# What do you prefer...light or heavy?!



## Spastic_Dove (Oct 4, 2007)

For what I do, a lighter horse or a draft cross.


----------



## orchid park (Jun 1, 2008)

I drive both.
Ponies and Light horses and also heavy horses.

A heavy horse has its place, but the appeal of a pony or light horse is far more enticing. If we had to choose just the one it would be the ponies.
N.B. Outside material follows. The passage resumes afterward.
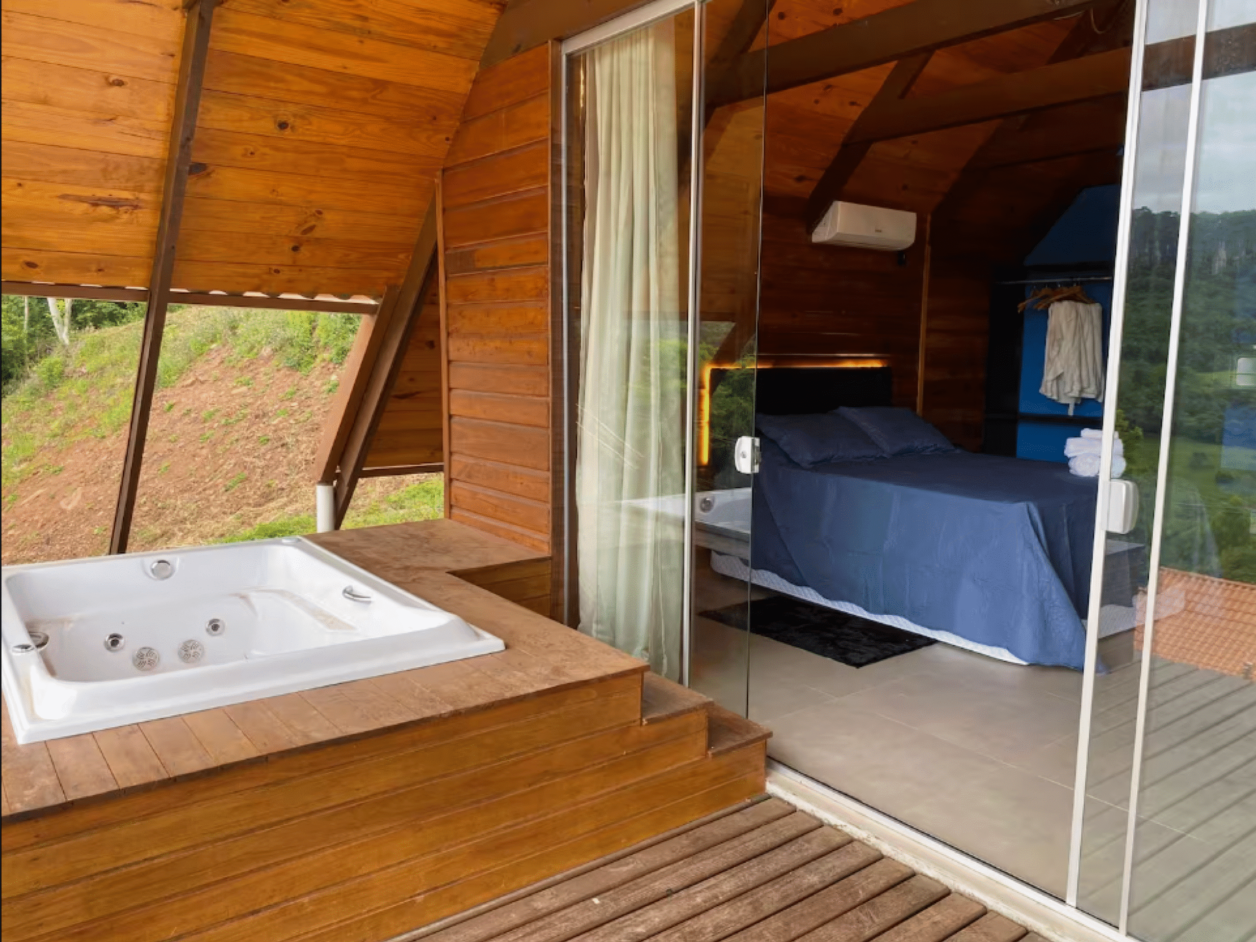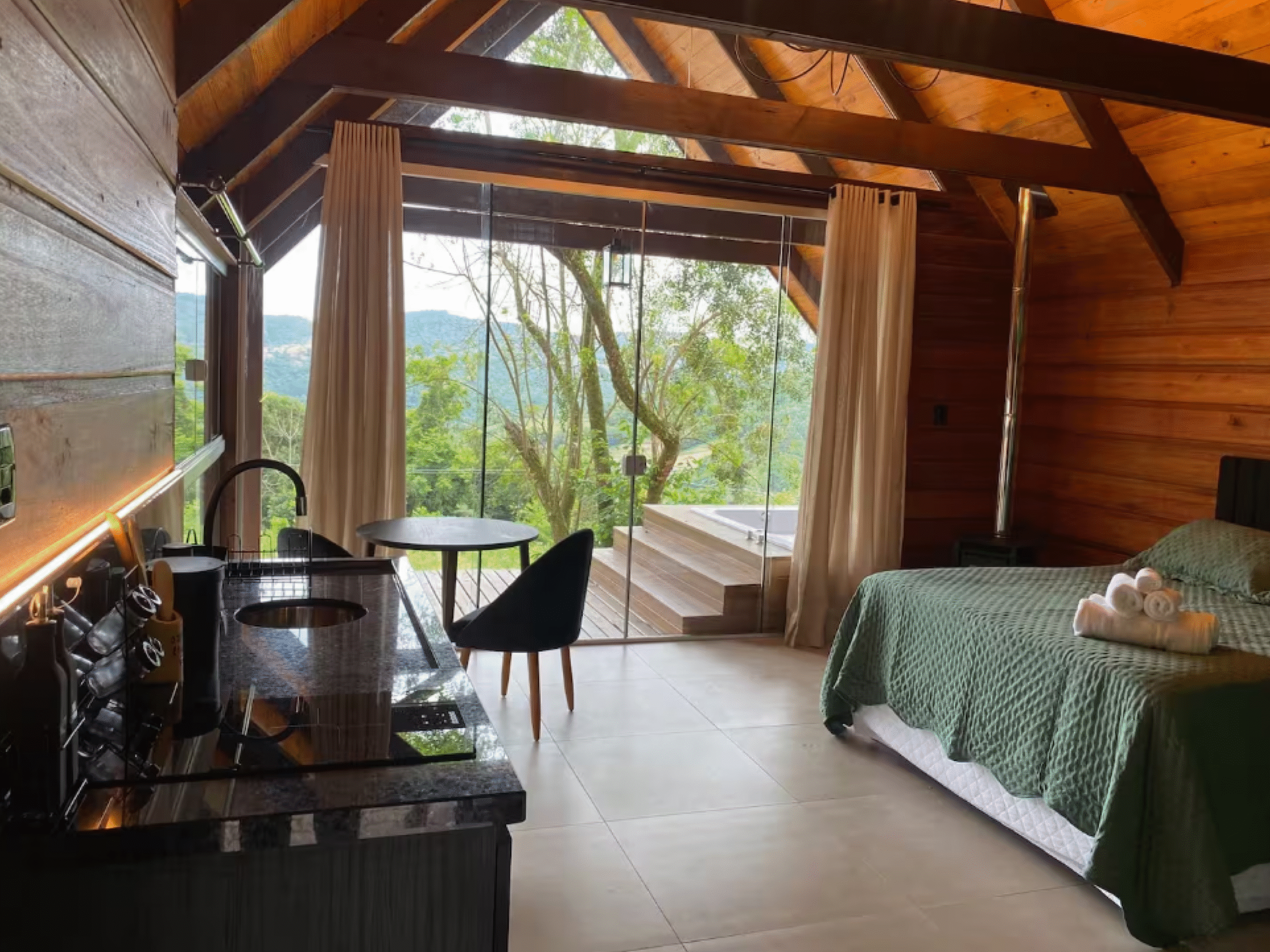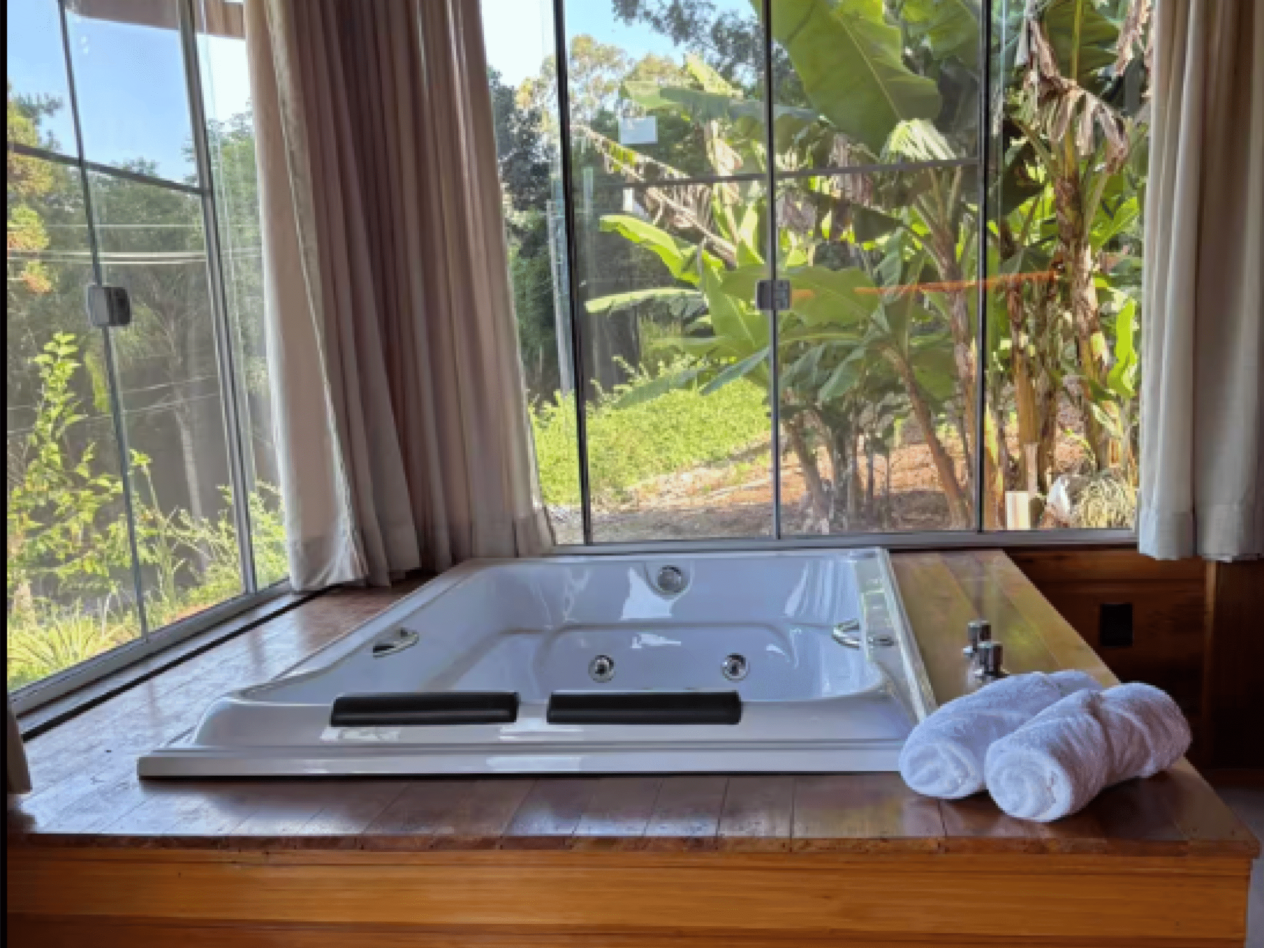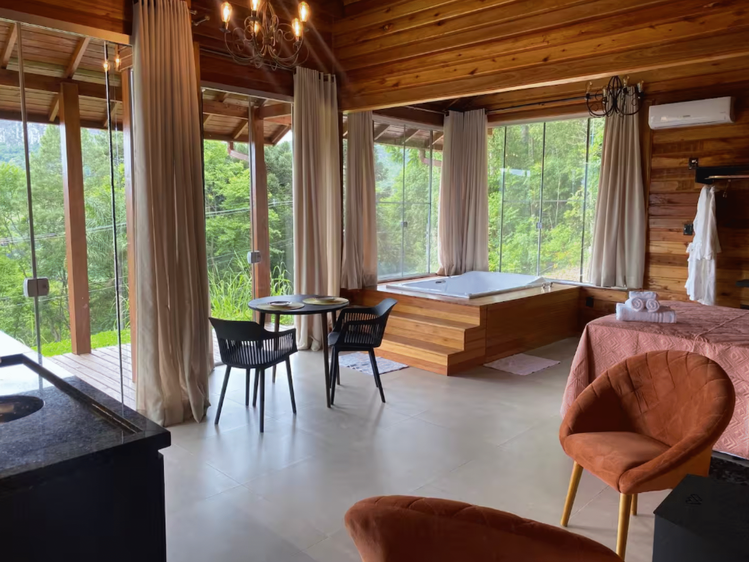 O chalé possui 50 metros quadrados, com banheira de hidromassagem interna e ladeada por vidros de para que a experiência da hospedagem proporcione o contato permanente com o ambiente natural. A madeira usada nas paredes foi retirada da propriedade, seguindo o princípio da sustentabilidade. Ao se hospedar aqui, você sente a magia desse lugar e levará, na alma, essa emoção. Esta unidade possui acessibilidade.

Heavy horse is like driving a truck. (not that she inst responsive and light in the mouth) just the way of going etc.
Ponies and light horses are like sports cars.


----------



## morganshow11 (Dec 19, 2008)

i like the last paragraph^^^^


----------



## LauraB (Nov 11, 2008)

I love driving any GOOD driving horse from 32" - 18+ hands. I love the power of drafts, the grace of my light horse, and the fire of my mini.


----------



## morganshow11 (Dec 19, 2008)

I have only drove a standardbred, mini, and a percheron. I love the power(like you said) of a percheron, i love the swiftness of a standardbred, and the gentelnes of a mini


----------



## Curly_Horse_CMT (Jun 8, 2008)

The minis are the most fun, I think! :lol:


----------



## CheyAut (Nov 26, 2008)

Not a draft, nothing against them but I do combined driving and prefer minis and athletic sport ponies


----------